◆ What you will do
Please give back, word for word, only the lines starting at the one containing "Pamuk kumaştan, uzun" and ending at the one containing "ハンバーグは100gと少し小" within the material below.
---- Source material
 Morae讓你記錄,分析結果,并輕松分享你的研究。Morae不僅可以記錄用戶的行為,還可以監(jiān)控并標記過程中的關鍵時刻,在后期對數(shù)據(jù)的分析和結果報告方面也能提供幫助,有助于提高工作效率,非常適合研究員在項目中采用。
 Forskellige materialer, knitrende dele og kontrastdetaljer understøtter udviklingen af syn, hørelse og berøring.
--------
---- Source material
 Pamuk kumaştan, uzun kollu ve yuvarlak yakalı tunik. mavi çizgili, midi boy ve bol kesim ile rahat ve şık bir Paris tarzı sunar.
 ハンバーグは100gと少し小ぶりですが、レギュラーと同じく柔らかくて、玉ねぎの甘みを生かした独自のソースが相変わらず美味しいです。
--------
◆ Exercise output
 Pamuk kumaştan, uzun kollu ve yuvarlak yakalı tunik. mavi çizgili, midi boy ve bol kesim ile rahat ve şık bir Paris tarzı sunar.
 ハンバーグは100gと少し小ぶりですが、レギュラーと同じく柔らかくて、玉ねぎの甘みを生かした独自のソースが相変わらず美味しいです。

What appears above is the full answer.